## Problem to solve
Please produce a character-exact copy of the listing that follows, omitting all images.

## Given data
______________________________

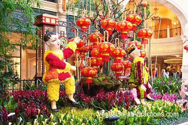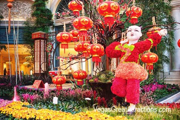 I was lucky to come back to Las Vegas right in time to see how my favorite hotel celebrates the Chinese New Year of the Goat. For about 2 months Las Vegas tourists could admire the art of welcoming the new year in the Chinese culture. Four times a year, Bellagio hotel is the center of some of the most popular Las Vegas family attractions.
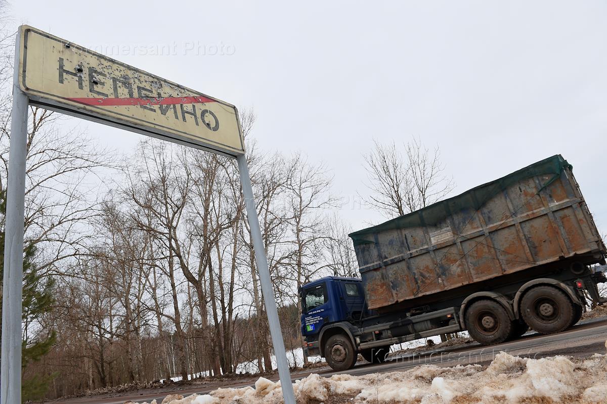 Полигон твердых бытовых отходов в Непейно. Мусоровоз на въезде в деревню.
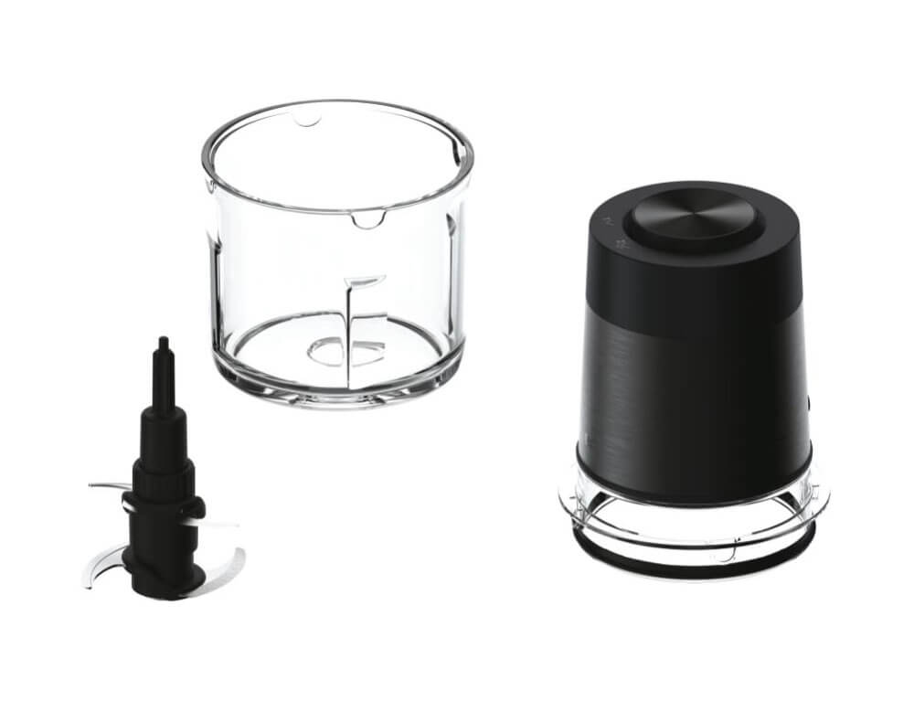 Διαθέτει κρυστάλλινο δοχείο, πολύ υψηλής αντοχής, για την επεξεργασία των υλικών που μπορεί να πλυθεί ακόμη και στο πλυντήριο πιάτων. Κατά τη χρήση τοποθετείται επάνω σε προστατευτική, αντιολισθητική βάση απο καουτσούκ που περιέχεται στη συσκευασία.

______________________________

## Answer space
 I was lucky to come back to Las Vegas right in time to see how my favorite hotel celebrates the Chinese New Year of the Goat. For about 2 months Las Vegas tourists could admire the art of welcoming the new year in the Chinese culture. Four times a year, Bellagio hotel is the center of some of the most popular Las Vegas family attractions.
 Полигон твердых бытовых отходов в Непейно. Мусоровоз на въезде в деревню.
 Διαθέτει κρυστάλλινο δοχείο, πολύ υψηλής αντοχής, για την επεξεργασία των υλικών που μπορεί να πλυθεί ακόμη και στο πλυντήριο πιάτων. Κατά τη χρήση τοποθετείται επάνω σε προστατευτική, αντιολισθητική βάση απο καουτσούκ που περιέχεται στη συσκευασία.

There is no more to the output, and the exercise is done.